2. Civil society crackdown: Reopening the authoritarian playbook?

Kais Saied advocates what he repeatedly calls a ‘sovereign state’ run by a ‘strong’ President. The problem at this level is that the combination of a president operating within a hyper-presidentialist regime with quasi-monarchical sovereignty, all the while denouncing ‘foreign interference’, [6] is motivated by his fear of both foreign and internal criticism of his policies.

This present political atmosphere explains the harsh sentences in a mass trial of 40 public figures in April 2025, including the leaders and members of the National Salvation Front, Citizens Against the Coup, and Ennahda (now the Renaissance Islamic Democratic Political Party), established in 1981 as the ‘Movement of Islamic Tendency’ (MIT). Former President Marzouki (2011–2014), voted in by the popularly elected National Constituent Assembly in 2011, was condemned to 22 years in absentia, charged with ‘terrorism’ and ‘treason’ based on a law enacted in 2022 by the President, Decree Law 54, that prohibits ‘spreading false news’.

Many questions need to be asked to better understand the nature of the current Tunisian political system and the evolution of the creeping process of de-democratisation, which is invariably identified as a return of authoritarianism, autocracy, and autocratisation.

How did the process of liberalisation and democratisation, triggered in the post-Ben Ali dictatorial era, become derailed, causing the transition to stall and instigating backsliding and eventual breakdown? Scholars will debate the precise combination of factors that led to this difficult situation for years to come. [7] However, some combination of elite fragmentation and political paralysis, popular dissatisfaction with post-2011 ruling elites amidst deteriorating economic conditions, and a subsequent explosion of ideologised populist fervour offer some clues about what precipitated Saied’s power grab.[8] More precisely, prior to 2021, the stagnation and subsequent regression in the democratic transition may be attributed to both the late President Beji Caid Essebsi (2014–19) and to Kais Saied himself during the beginning of his first mandate (2019–21). [9] The days of the 2014 constitution were numbered after the wrangling between what was called the three Presidents: of the Republic, the Government, and the Parliament.

For Saied, the revolution that began on 17 December 2010, initiated by the people in the marginalised regions, was followed at the beginning of 2011 by what he sees as the ‘counter-revolution’, led by the urban elites.
Thus, Saied’s conception of ‘true’ democracy is forged against the elites and liberal political institutions [10] that were guilty of having excluded the demos after 2011. Statist hostility to liberal democracy and the recurrence of authoritarian populist rhetoric are well ingrained in Tunisian politics. It has been remarked that the current regime is both party-less and anti-party. Saied, who has designed a new political system based on his own views of democracy’s shortcomings, believes that the time of political parties has passed. What his critics consider an authoritarian regime is, for him, a new party-less democracy, different from failing models of Western democracy. Here, some of Saied’s opinions resonated with many people. The ‘disillusionment’ [11] and ‘disengagement’ [12] of those citizens forgotten by the ‘revolution’ was followed by an endless spectacle of a democratic transition that itself fell apart. This disaffection probably contributed to filling the ranks of those who welcomed the President’s declaration of a state of emergency. Thus, the doors were open for him to think, like Habib Bourguiba (Tunisia’s first president, 1956-1987), “I am the system!” If this populist dimension is taken into consideration, then speaking of the end of the democratic transition becomes a plausible hypothesis.
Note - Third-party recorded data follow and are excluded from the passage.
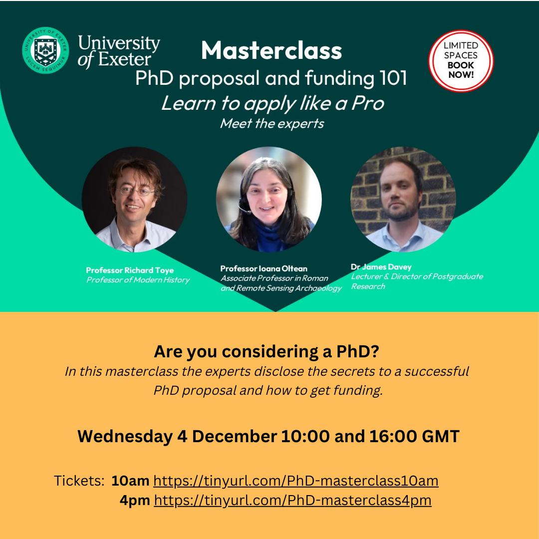 Learn how to write a PhD proposal, and apply for funding with this online masterclass. Our experts will discuss the main funding schemes available and offer advice on how to decide your next move. They will also cover the ideal PhD proposal structure and key things to include. There will be plenty of time for questions, and PGR involvement on the panel too. Hosted by the Archaeology and History department at the University of Exeter, we invite all those who are interested in the PhD application process. We look forward to seeing you there!
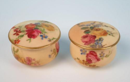 c. 1900 PAIR Antique Royal Worcester Roses Flowers Blush Ware Pill Box Porcelain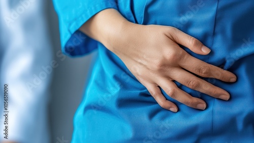 A person in blue attire is holding their abdomen, indicating discomfort or pain.

In light of these complex factors that helped abort Tunisia’s democratic experiment, the many recommendations coming from international experts should aim at preventing Tunisia’s free fall and counteracting the trend toward deepening poverty, inequality, social conflict, and rising violence, instead of providing more support to the security sector. [13] Thus, the call to support a Tunisia that is more economically integrated with Europe and the world economic system would be a much better alternative than what exists in Tunisia today: a ‘failed autocracy held together by repression and external aid’. [14]
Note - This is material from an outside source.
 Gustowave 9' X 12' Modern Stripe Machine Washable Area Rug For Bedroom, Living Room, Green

Indeed, the inconsistencies in Kais Saied’s own actions underscore the problem with focusing on security issues in understanding Tunisia’s many problems today. It is worth reflecting on the President’s U-turn on a matter that bears on one o his own draft laws, which in his new system have priority over parliamentarians’ proposals. In the case of a law which unmistakably intended to ‘criminalise normalising relations’ between Tunisia and Israel, Kais Saied, Commander in Chief of t Army and also Commanding the Security Forces (since July 2021), cornered the Parliament, and the debate on his bill was suspended after he objected to it. [15]

IS THE ‘THIRD REPUBLIC’ USING THE LEGAL SYSTEM FOR A REPRESSIVE CLAMPDOWN?
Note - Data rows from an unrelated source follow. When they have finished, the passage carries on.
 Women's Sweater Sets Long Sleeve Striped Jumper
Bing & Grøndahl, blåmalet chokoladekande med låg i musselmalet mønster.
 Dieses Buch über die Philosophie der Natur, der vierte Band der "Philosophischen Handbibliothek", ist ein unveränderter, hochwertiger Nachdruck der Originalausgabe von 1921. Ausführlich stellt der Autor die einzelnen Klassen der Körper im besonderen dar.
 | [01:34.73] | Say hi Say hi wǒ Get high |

According to the International Federation for Human Rights (FIDH), the 6 October 2024 re-election of President Kais Saied, with a reported 90.7 per cent of the vote amidst a turnout of only 28.8 per cent, was described by some as a ‘dictatorial score’, reminiscent of Ben Ali’s defunct regime (1987–2010). It is necessary to mention that one of the two rival candidates for the presidency, Ayachi Zammel, was imprisoned, [16] and the second, Zouhair Maghzaoui, was among the President’s supporters. This situation led to a surrealist and virtually hollow campaign under the watch of ‘The Independent High Authority for Elections’ (ISIE) that lost its independence from the moment that its members came under the direct control of the President of the Republic. This was in contrast to the pre-2024 ISIE, whose members were appointed by the Parliament according to the 2014 constitution. In addition, to ensure the incumbent’s victory, ISIE dropped three other candidates from the presidential election list and rejected the request of civil society organisations to serve as observers, in addition to denying accreditation to foreign journalists who wished to cover the election. The 2024 presidential elections were seen by many, including FIDH, as ‘a democratic charade’ that facilitated efforts by Tunisia’s new dictator to consolidate his grip on all powers and institutions. At the same time, dissenting voices were being silenced and repressed, while challengers were jailed and exiled.

In light of these transgressions against civil rights and democracy, questions are raised regarding the hopes that many had about transitional justice with respect to the Ben Ali (1987–2011) and Bourguiba (1956–1987) eras. The project of transitional justice was set up as part of the process of democratic transition initiated institutionally in 2013 with the establishment of the Truth and Dignity Commission (TDC, 2013–2018). Now it seems there are new violations of rights in the post-revolutionary period.

These crackdowns have drawn the attention of various groups. Given the alarming situation of human rights defenders, the FIDH called on the EU to ‘withdraw its support’ for ‘the Kais Saied regime as quickly as possible.’ In addition, it warned against ‘the return to dictatorship’ in a Tunisia whose international partners show much ‘passivity’ at a time when repression was intensifying. On the other hand, the African Union (AU) has already condemned Tunisia regarding human rights violations, specifically concerning the state of emergency declared by the President in July 2021. An AU court, in fact, called for the restoration of ‘constitutional democracy’ as early as September 2022. [17]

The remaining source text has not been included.